Thanks, I already wasted a day on this but I think you just saved me another :)
Thank you
Thanks. Saved my time as well..
I lost 30mins before finding your article. Nice save.
fanx!
Thank you very much too! But for me it was just a mismatch between service method parameter names an those of the contract.
Thanks so much, you save our time :)
WOW!!! Saved my night of sleep!!!
Personally tested it: Improper security modes for basichttp/tcp binding can cause wcf server return null values as well.
It took 2 weeks for me to figure out that! I don't have access to the server-side contract though and work by a documentation. I never could suspect that this would be a reason!!
For me the reason was that WCF service (.NET 4.0) used DataContractSerializer by default. I had .NET 2.0 client (no way to update this to newer .NET framework) that used XmlSerializer. SO finally I had to change the WCF service to use also XmlSerializer. Instructions here: http://web.archive.org/web/20130430190551/http://www.danrigsby.com/blog/index.php/2008/03/07/xmlserializer-vs-datacontractserializer-serialization-in-wcf/
Saved us a lot of headache (and more week ends). Thanks so much
Thank you very very much!
I accidentally had 'items' instead of 'item' just on my asynchronous contract. Why WCF would just transform the parameter into null instead of passing an error is beyond me.

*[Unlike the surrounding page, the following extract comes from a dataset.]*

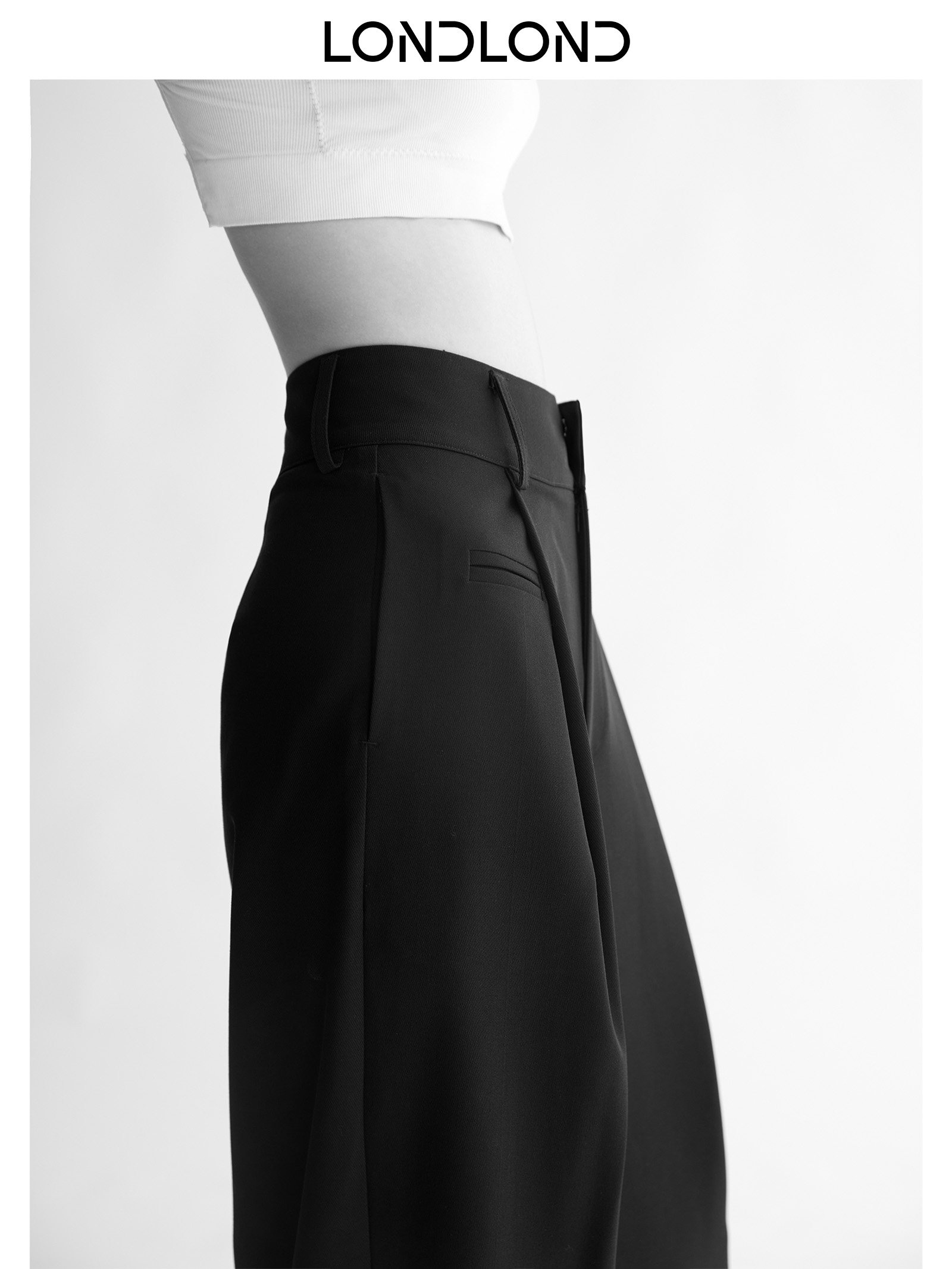 Londlond 2026 Suit Pocket Design Casual Black Suit Pants High-Waisted Slimming Wide-Leg Suit Pants

I don't think you know how much time you probably saved, but I bet it's a lot.
If you have already added a service reference, delete that service reference completely. add a service reference newly to your client application and run the application.
The reason for the old reference name is, whenever we create a web service reference, a reference file will be created. Eventhough we update/ configure the web service the old reference name will be sustained in the reference file. When you completely delete and add the service reference a new reference file will be created, there after the values will not be null. This is the solution
thank you so much it saved my job...
Saved your job?! Tell us more ...
Thank you, many stomps around the building muttering to myself averted.
You saved my day!!! :)
Years later and you're still saving lives...thanks for this post Sam!
Thank you! You solved my problem!
Error might be because of Configuration setting changed from 3.5 to 4.0. To fix this error either change setting to previous setting or use [DataMember(IsRequired = true)] for data contract. :-)
This has been the saviour.......thanks a ton!!!
Thanks, I was scratching my head for two days because of the issue, It was because of parameter names caps mismatch between the contract and proxy.